1. Inside a convex polygon with area $S_1$ and perimeter $P_1$, there is a convex polygon with area $S_2$ and perimeter $P_2$. Prove the inequality $$2 \frac{S_1}{P_1} \gt \frac{S_2}{P_2}.$$.
2. Formulate and prove an analogous statement for convex polyhedra.

A. V. Kelarev

Exploration

For a convex polygon, the quantity $\dfrac{2S}{P}$ has a geometric meaning. If every side is shifted inward by a small distance $t$, the area decreases at first order by $Pt$. For a polygon this can be computed exactly.
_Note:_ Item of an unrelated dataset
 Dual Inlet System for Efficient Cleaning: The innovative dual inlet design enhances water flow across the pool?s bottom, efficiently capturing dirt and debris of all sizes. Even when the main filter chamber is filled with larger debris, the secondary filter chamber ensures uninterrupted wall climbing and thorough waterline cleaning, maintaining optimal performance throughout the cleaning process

If the side lengths are $a_1,\dots,a_n$ and the interior angles are $\alpha_1,\dots,\alpha_n$, then after shifting every side inward by distance $t$, the remaining polygon has area

$$S(t)=S-Pt+t^2\sum_{i=1}^{n}\cot\frac{\alpha_i}{2}.$$

The coefficient of $t^2$ is positive. Hence $S(t)>S-Pt$ for all sufficiently small positive $t$.
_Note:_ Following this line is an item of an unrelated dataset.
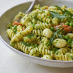 A refreshing and vibrant pasta salad perfect for spring dinners, featuring fresh pesto, pasta, and seasonal vegetables.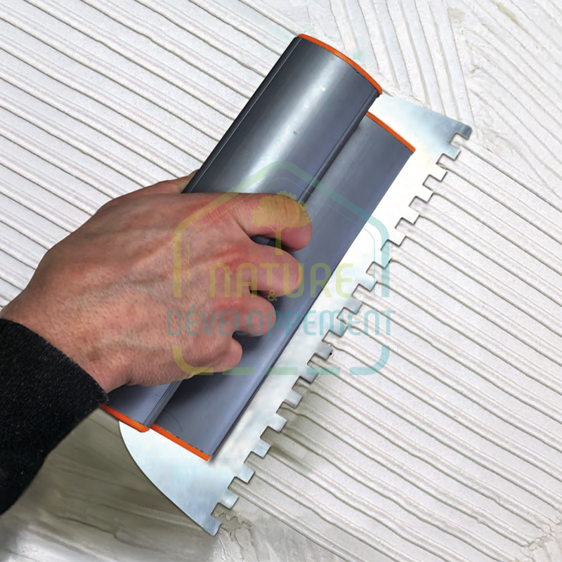 - Application de la colle : Étalez la colle uniformément en un seul passage grâce à la poignée ergonomique et la lame bien fixée.

Suppose a convex polygon $Q$ lies inside a convex polygon $P$. If every side of $P$ is shifted inward until it first touches $Q$, the obtained polygon still contains $Q$. Let the smallest shift distance be $r$. Then $Q$ is contained in the polygon $P_r$ obtained from $P$ by inward parallel displacement by $r$. Consequently

$$S_2\le S_1(r).$$

If one could show that $S_1(r)<\dfrac{P_1r}{2}$ whenever $r>\dfrac{2S_1}{P_1}$, then any polygon contained in $P$ would have inradius less than $\dfrac{2S_1}{P_1}$.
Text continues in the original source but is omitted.